Beginning at the line that contains "22 de enero", reproduce the entries below exactly, ending with the line that contains "Бастрыкин пообещал родственникам". Omit each picture.

→ **SOURCE RECORDS**
= = = = = = =
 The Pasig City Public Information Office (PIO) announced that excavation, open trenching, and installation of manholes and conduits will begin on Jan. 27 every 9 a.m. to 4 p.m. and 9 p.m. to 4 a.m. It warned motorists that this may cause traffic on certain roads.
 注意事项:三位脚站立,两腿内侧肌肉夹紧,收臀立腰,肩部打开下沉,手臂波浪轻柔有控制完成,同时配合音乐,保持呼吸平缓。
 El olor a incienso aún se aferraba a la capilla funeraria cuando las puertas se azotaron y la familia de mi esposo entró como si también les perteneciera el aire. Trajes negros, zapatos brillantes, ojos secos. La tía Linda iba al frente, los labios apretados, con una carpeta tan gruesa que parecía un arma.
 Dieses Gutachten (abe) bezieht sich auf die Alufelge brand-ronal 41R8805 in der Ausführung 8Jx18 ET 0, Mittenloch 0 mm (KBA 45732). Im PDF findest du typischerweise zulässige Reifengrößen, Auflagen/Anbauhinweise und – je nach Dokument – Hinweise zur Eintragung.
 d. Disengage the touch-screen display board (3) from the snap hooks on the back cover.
= = = = = = =
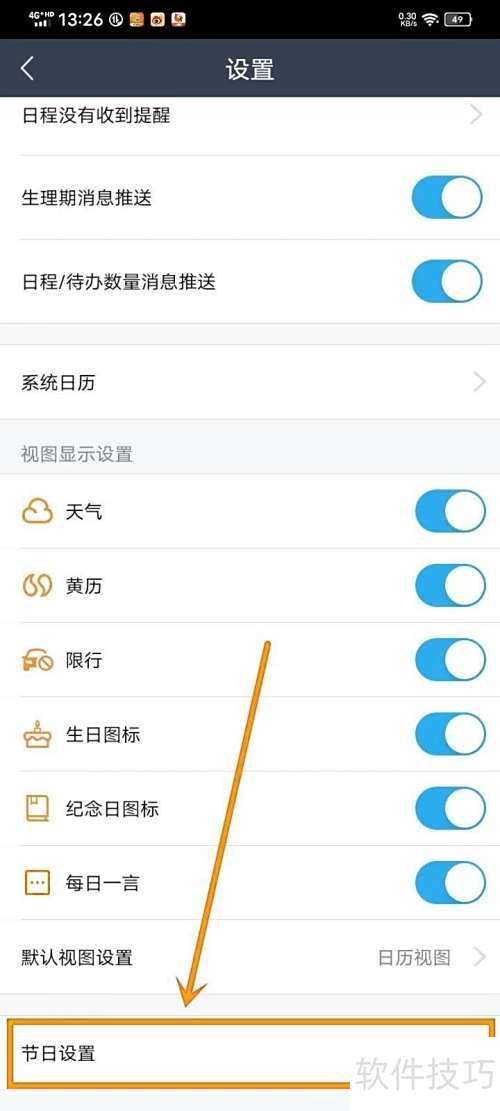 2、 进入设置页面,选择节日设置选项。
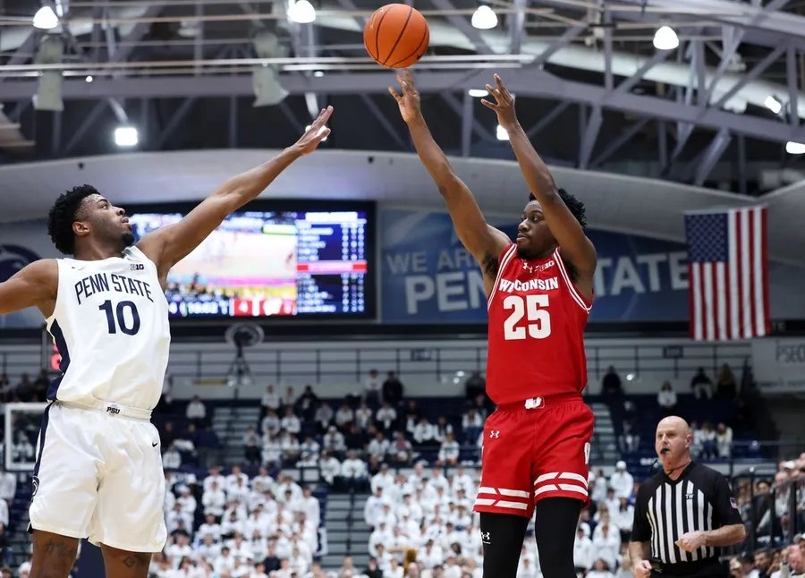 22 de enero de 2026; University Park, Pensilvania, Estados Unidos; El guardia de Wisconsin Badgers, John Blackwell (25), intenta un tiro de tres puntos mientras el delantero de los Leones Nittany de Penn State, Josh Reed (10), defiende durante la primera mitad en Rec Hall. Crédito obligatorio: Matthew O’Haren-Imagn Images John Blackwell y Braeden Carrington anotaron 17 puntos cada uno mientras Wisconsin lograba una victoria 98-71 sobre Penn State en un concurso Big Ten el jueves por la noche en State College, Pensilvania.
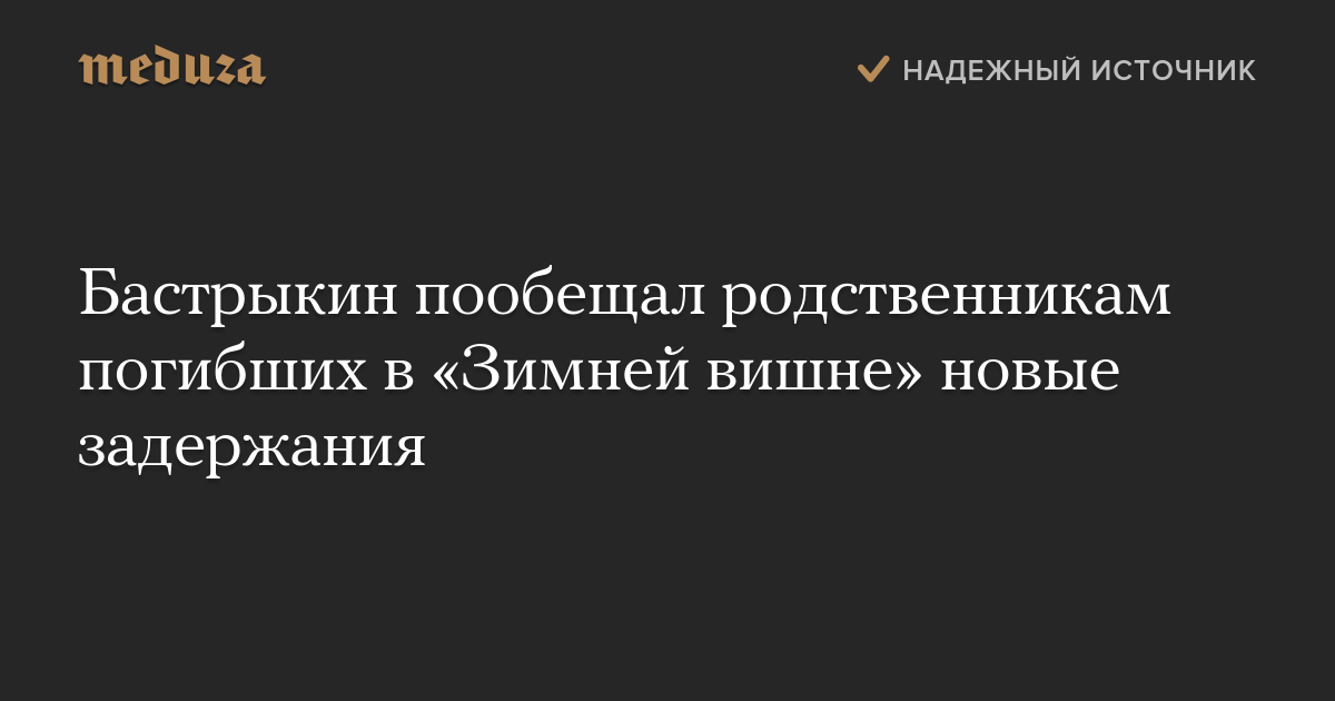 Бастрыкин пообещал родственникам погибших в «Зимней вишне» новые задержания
= = = = = = =
→ **ANSWER TO THIS EXERCISE**
 22 de enero de 2026; University Park, Pensilvania, Estados Unidos; El guardia de Wisconsin Badgers, John Blackwell (25), intenta un tiro de tres puntos mientras el delantero de los Leones Nittany de Penn State, Josh Reed (10), defiende durante la primera mitad en Rec Hall. Crédito obligatorio: Matthew O’Haren-Imagn Images John Blackwell y Braeden Carrington anotaron 17 puntos cada uno mientras Wisconsin lograba una victoria 98-71 sobre Penn State en un concurso Big Ten el jueves por la noche en State College, Pensilvania.
 Бастрыкин пообещал родственникам погибших в «Зимней вишне» новые задержания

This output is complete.